Milkwood in 2006… yet to become carbon sequestration central, due to overgrazing for… oh… only the last 100 years or so…
Last weekend Nick and I trooped off to the inaugural Carbon Farmers Conference (the first of its kind in Aus) which was conveniently held in Mudgee, just up the road (it’s quite a long road, though – this being the country and all).
And holy cow it was a jam-packed two days… The conference was set up to thresh out the concepts behind Carbon Farming – a term used to describe the process of sequestering carbon into good, healthy soil. This concept isn’t that hard to grasp – we’re all surrounded by a gazillion ‘carbon credit’ systems at the moment – systems and companies who are offering to ‘zero your footprint’ or ‘make your wedding carbon neutral’ or whatever… and the ethics of that industry is a long conversation in its self, which I will set aside for now (there’s plenty about it online though, if you want to get all riled up).
In short, some soils have the ability to hold onto (sequester) a HUGE amount of carbon. And which soils are they? The incredibly healthy ones, of course! By measuring the amount of carbon in their soils, and then undertaking activities which will increase the amount of carbon in their soils, farmers can then measure this increase in carbon and sell the difference as ‘carbon credits’ on a contractual basis. From here on in it gets a bit more complicated, so I’ll stick to the exciting bit: Farmers can get Paid to build Really Healthy Soil.
Really Healthy Soil does not come in a packet. It does not come from the local outlet of the chemical company who have been pushing their wares on western Farmers for 50 years. It comes from real land management – sustainable farming practices that don’t rip up, wear down, wear out, dry out or poison the earth, the ecosystem, or us.
Really healthy soil, which is a full-on, kick-ass ecosystem of microfauna, plants, roots and fungi, also happens to be… well… what everyone wants anyway… so… it’s really quite a good idea. Farmers can get paid to basically repair their farms to a state where the soil is once more capable of holding life without the incredible amount of chemical and high-energy inputs that broadscale and intensive farming currently involves. Hurrah to that.

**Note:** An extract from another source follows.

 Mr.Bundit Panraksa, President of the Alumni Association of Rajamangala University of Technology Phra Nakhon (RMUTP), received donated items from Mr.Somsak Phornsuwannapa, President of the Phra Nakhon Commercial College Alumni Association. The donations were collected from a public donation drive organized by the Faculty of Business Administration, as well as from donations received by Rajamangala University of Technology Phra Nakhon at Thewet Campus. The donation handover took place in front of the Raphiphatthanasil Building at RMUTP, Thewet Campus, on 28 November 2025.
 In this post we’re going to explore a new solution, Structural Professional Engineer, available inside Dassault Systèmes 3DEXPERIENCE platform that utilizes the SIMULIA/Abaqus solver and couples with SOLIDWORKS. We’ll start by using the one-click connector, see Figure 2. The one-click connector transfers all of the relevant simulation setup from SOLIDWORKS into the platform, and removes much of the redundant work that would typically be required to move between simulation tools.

So this conference was great fun. A mixture of speakers which covered a wide spectrum of voices involved (or wanting to be involved) in this concept… with a couple of notable exceptions, the attitude of speakers was positive and inclusive. It was really great to see a mixture of old-timers and younger farmers from across Australia who really did give a damn about the future, daunting as it may be (especially when you’re an Australian farmer). It did seem to me that most of the people there were either involved with, or wanting to be involved with, farming practices that were actually sustainable in the long term.
Speakers and projects of note:
– Mike Walsh: speaking from the Chicago Climate Exchange in the US via video conference on carbon trading in the US.

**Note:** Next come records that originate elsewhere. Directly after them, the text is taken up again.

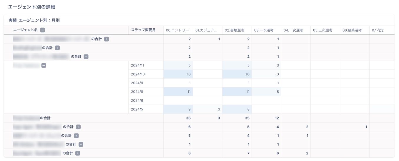 エージェント×選考ステップ変更月ごとにステップ変更数を確認することが可能です。
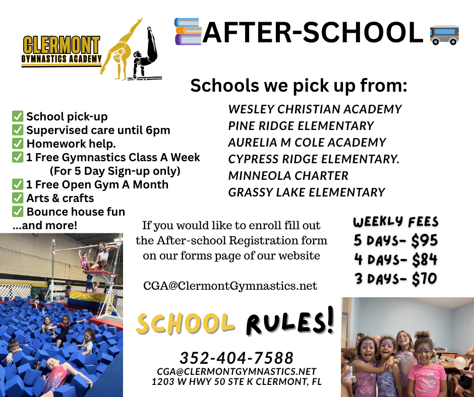 - Additional one-hour gymnastics or tumbling class included a week if you are full time
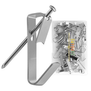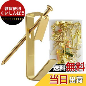 商品名:ピンフック/画鋲フック 重量制限:約22.5 キログラム 取り付けタイプ:壁取り付け 取付場所:木、石膏ボード、ベニヤ カラー:ゴールド 入数:20個 特徴:耐久、多機能、取付け簡単 ●この画鋲フックは多目
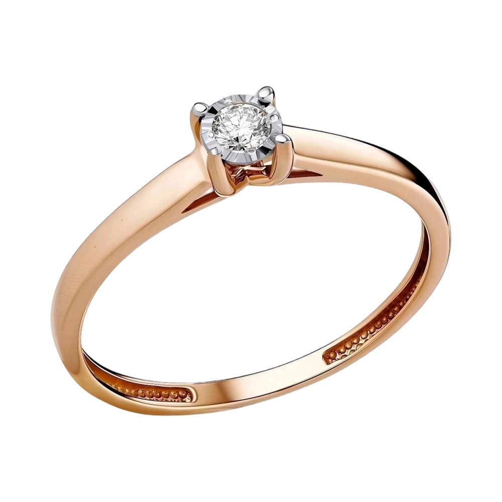 Кольцо помолвочное из красного золота с бриллиантом 034401
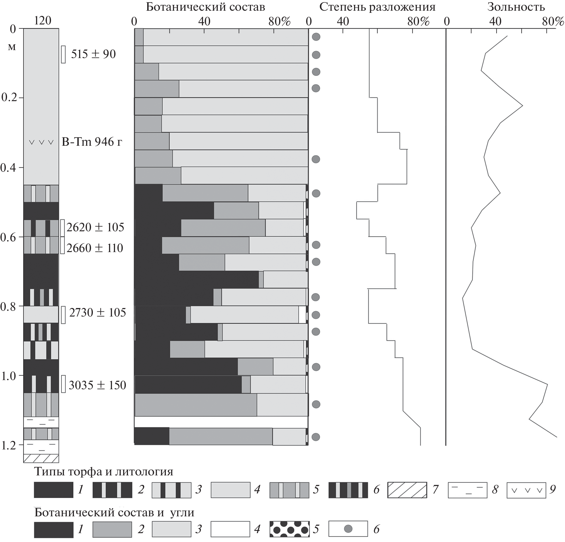 Рис. 4. Ботанический состав и характеристики торфа, разрез 120, побережье Амурского залива.Типы торфа: 1 – древесный, 2 – травяно-древесный, 3 – древесно-травяной, 4 – травяной, 5 – травяно-кустарниковый, 6 – комплексный, 7 – торфо-минеральный горизонт, 8 – алевритовый ил, 9 – вулканический пепел. Ботанический состав: 1 – древесные, 2 – кустарнички, 3 – травы, 4 – сфагновые мхи, 5 – зеленые мхи, 6 – древесный уголь. Fig. 4 . Botanical composition and peat characteristics, section 120, Amur Bay coast. Peat types:1 – woody, 2 – herbaceous-woody, 3 – woody-herbaceous, 4 – herbaceous, 5 – herbaceous-shrub, 6 – complex, 7 – peaty-mineral horizon, 8 – silt, 9 – volcanic ash. Botanical composition: 1 – wood, 2 – shrub, 3 – herb, 4 – sphagnum mosses, 5 – brown mosses, 6 – charcoal. Graphs on the right: the degree of decomposition and mineral content of peat.

– Col Seis: great example of some funky techniques around pasture cropping and ‘biological farming’ (a nebulous term, but still…). One of his crops is native grass seed.

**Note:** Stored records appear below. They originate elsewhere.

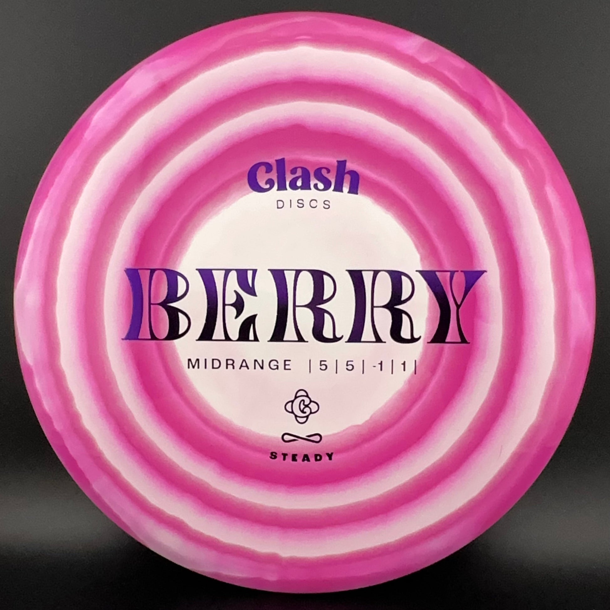 Steady Ring is Clash Discs' take on the ever-popular "Halo" effect. However, their edition has multiple swirly "Rings" throughout the plastic. This is their premium Steady plastic with this beautiful effect.  STEADY is a durable and flexible premium plastic that guarantees a nice easy grip in all circumstances.
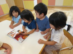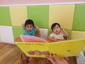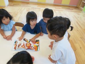 もも組さんはごはんの前に保育士の読む絵本を見ています![]()
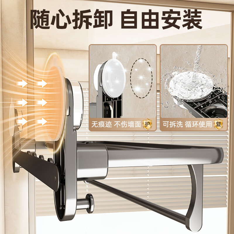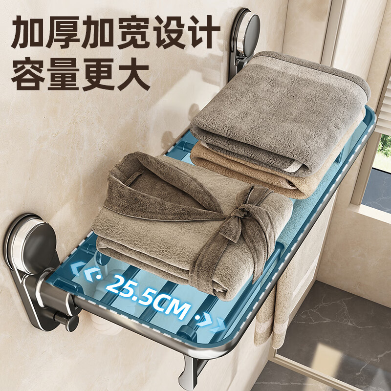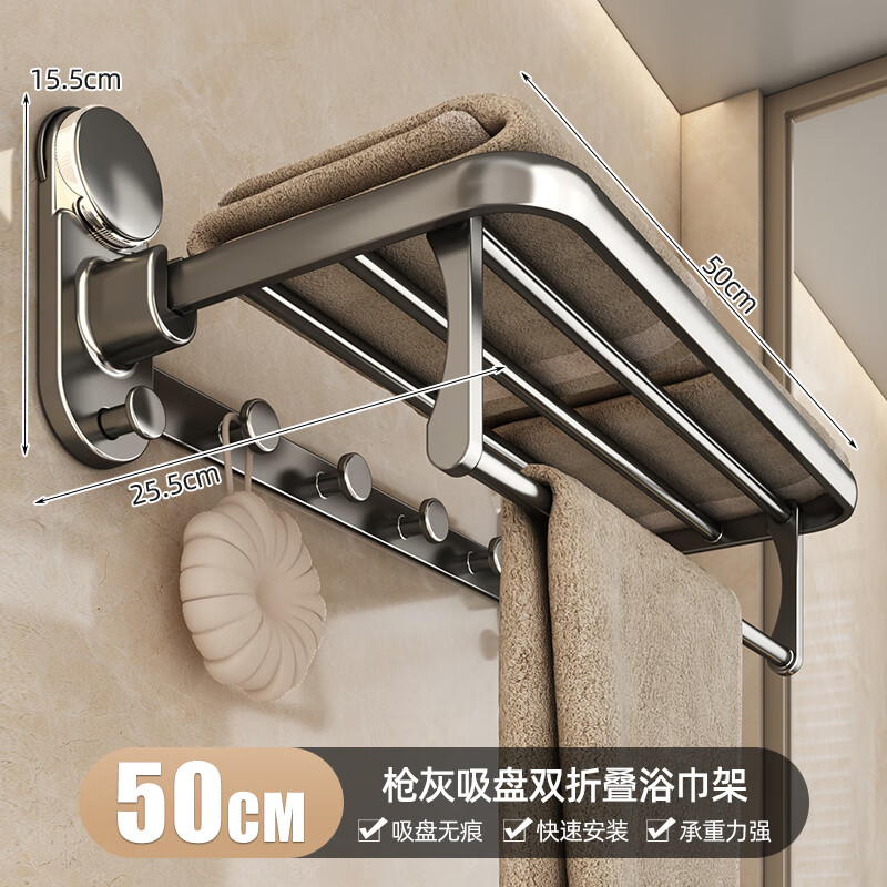 慕亚(MUYA)吸盘毛巾架卫生间免打孔浴巾架子浴室置物架一体厕所收纳挂杆 吸盘单折叠挂杆浴巾架带排钩50cm-枪灰色/件
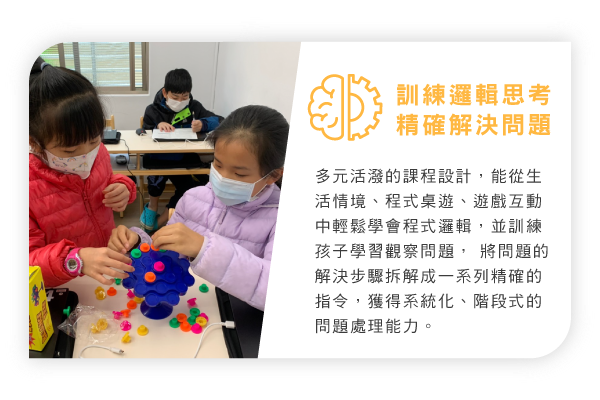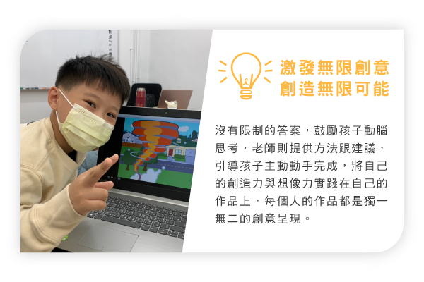 不同於坊間制式化的課程編排,我們鼓勵孩子要動腦動手+用心開心學習! 每期皆精心設計不同主題的程式營隊,情境化、 生活化的故事營造下緊扣程式觀念及知識核心,更加入許多關卡突破、動手DIY的課程設計,增添孩子動腦思考以外還可動手創作的樂趣, 讓孩子不再只是單方面對著電腦「聽課」,而是能「玩中做 做中學」,好玩、有趣、能動手做,才是引發孩子主動學習的不二法門!

– Cam McKellar: biodynamics in a broad-ish-scale context – and lots of pasture cropping.
– Craig Carter: spoke on Natural Sequence Farming , using his property as an example of waterway rehabilitation. Pretty impressive stuff.
– David Marsh: “harvest the interest, not the capital from the landscape”… what a guy – dyed-in-the-wool type old-school farmer.
– Louisa Keily : one of the organizers of the conference, talking on soil carbon trading schemes which might actually work.
If anyone’s interested, I believe the Carbon Farmers mob will be putting the whole conference and all the presentations online soon. And if you’re feeling particularly chipper, you can check out various recent reports released by the Climate Institute and Greenhouse2007.
And then once you’ve read those reports, go dig a vege garden. Or have a stiff drink. Or even better, go have a stiff drink in a vege garden, while resolutely deciding apon your chosen positive course of action, rather than crumpling and locking yourself in a cupboard. And bend down and give the soil (albeit probably beneath concrete and other impediments) beneath your feet a bit of a pat and offer a word of thanks… because everything that sustains our species, at some point in its cycle, depends on soil to exist.